# [Task requirements]
Each entry is to be given again word for word; images are dropped.

::::::

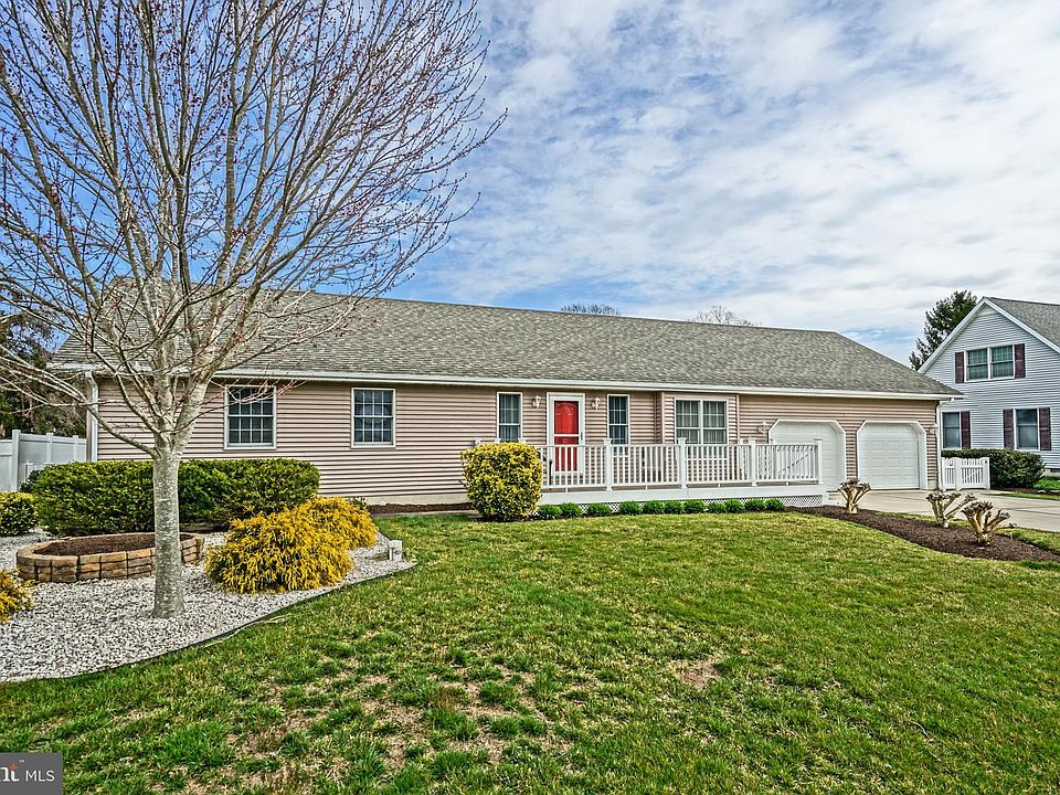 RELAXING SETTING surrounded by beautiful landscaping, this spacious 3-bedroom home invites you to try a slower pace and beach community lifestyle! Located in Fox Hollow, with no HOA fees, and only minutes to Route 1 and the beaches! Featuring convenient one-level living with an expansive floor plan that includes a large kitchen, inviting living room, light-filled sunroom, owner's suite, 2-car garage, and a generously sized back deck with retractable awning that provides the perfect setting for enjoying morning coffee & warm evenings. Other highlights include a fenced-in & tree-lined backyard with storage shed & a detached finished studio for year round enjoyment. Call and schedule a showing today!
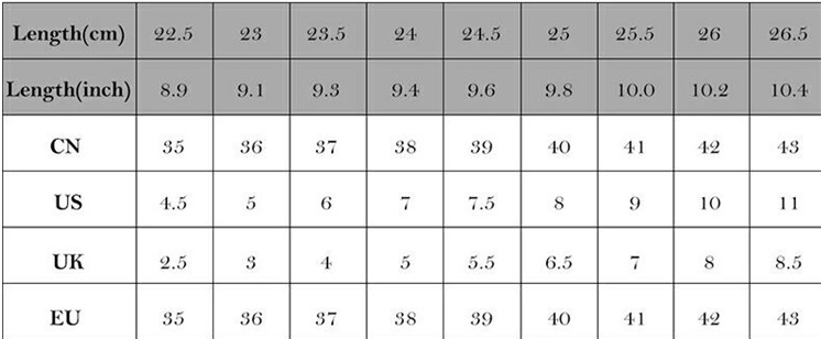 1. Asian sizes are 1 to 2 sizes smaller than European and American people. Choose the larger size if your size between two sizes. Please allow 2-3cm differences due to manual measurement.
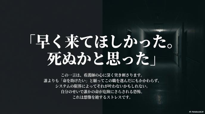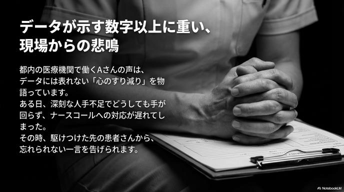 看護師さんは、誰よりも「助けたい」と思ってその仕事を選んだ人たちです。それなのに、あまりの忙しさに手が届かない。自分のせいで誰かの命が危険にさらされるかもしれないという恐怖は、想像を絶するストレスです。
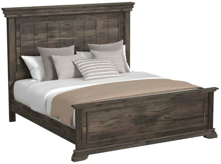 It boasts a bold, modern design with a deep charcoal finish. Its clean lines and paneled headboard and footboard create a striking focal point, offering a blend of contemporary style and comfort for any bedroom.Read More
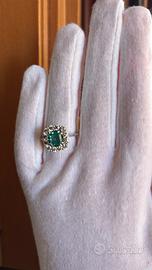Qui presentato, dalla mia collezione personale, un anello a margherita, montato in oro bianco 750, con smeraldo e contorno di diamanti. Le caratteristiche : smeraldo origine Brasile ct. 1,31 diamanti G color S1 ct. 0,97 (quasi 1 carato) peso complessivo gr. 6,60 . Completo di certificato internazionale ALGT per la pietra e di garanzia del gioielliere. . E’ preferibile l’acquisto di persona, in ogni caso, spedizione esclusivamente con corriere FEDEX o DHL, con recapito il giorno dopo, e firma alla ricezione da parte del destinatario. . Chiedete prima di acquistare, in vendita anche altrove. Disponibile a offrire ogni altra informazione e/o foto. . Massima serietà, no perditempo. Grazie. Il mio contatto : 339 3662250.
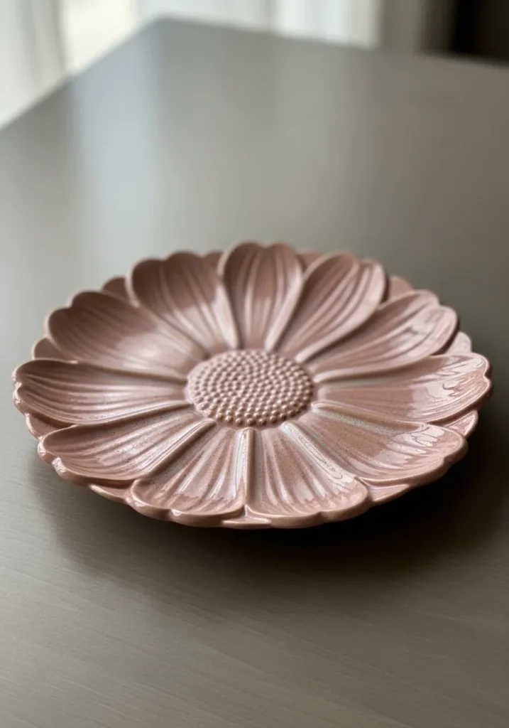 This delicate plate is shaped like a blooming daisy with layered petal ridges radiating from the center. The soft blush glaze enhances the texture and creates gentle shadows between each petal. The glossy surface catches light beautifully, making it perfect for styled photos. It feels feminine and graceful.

::::::

# [Expected answer]
 RELAXING SETTING surrounded by beautiful landscaping, this spacious 3-bedroom home invites you to try a slower pace and beach community lifestyle! Located in Fox Hollow, with no HOA fees, and only minutes to Route 1 and the beaches! Featuring convenient one-level living with an expansive floor plan that includes a large kitchen, inviting living room, light-filled sunroom, owner's suite, 2-car garage, and a generously sized back deck with retractable awning that provides the perfect setting for enjoying morning coffee & warm evenings. Other highlights include a fenced-in & tree-lined backyard with storage shed & a detached finished studio for year round enjoyment. Call and schedule a showing today!
 1. Asian sizes are 1 to 2 sizes smaller than European and American people. Choose the larger size if your size between two sizes. Please allow 2-3cm differences due to manual measurement.
 看護師さんは、誰よりも「助けたい」と思ってその仕事を選んだ人たちです。それなのに、あまりの忙しさに手が届かない。自分のせいで誰かの命が危険にさらされるかもしれないという恐怖は、想像を絶するストレスです。
 It boasts a bold, modern design with a deep charcoal finish. Its clean lines and paneled headboard and footboard create a striking focal point, offering a blend of contemporary style and comfort for any bedroom.Read More
Qui presentato, dalla mia collezione personale, un anello a margherita, montato in oro bianco 750, con smeraldo e contorno di diamanti. Le caratteristiche : smeraldo origine Brasile ct. 1,31 diamanti G color S1 ct. 0,97 (quasi 1 carato) peso complessivo gr. 6,60 . Completo di certificato internazionale ALGT per la pietra e di garanzia del gioielliere. . E’ preferibile l’acquisto di persona, in ogni caso, spedizione esclusivamente con corriere FEDEX o DHL, con recapito il giorno dopo, e firma alla ricezione da parte del destinatario. . Chiedete prima di acquistare, in vendita anche altrove. Disponibile a offrire ogni altra informazione e/o foto. . Massima serietà, no perditempo. Grazie. Il mio contatto : 339 3662250.
 This delicate plate is shaped like a blooming daisy with layered petal ridges radiating from the center. The soft blush glaze enhances the texture and creates gentle shadows between each petal. The glossy surface catches light beautifully, making it perfect for styled photos. It feels feminine and graceful.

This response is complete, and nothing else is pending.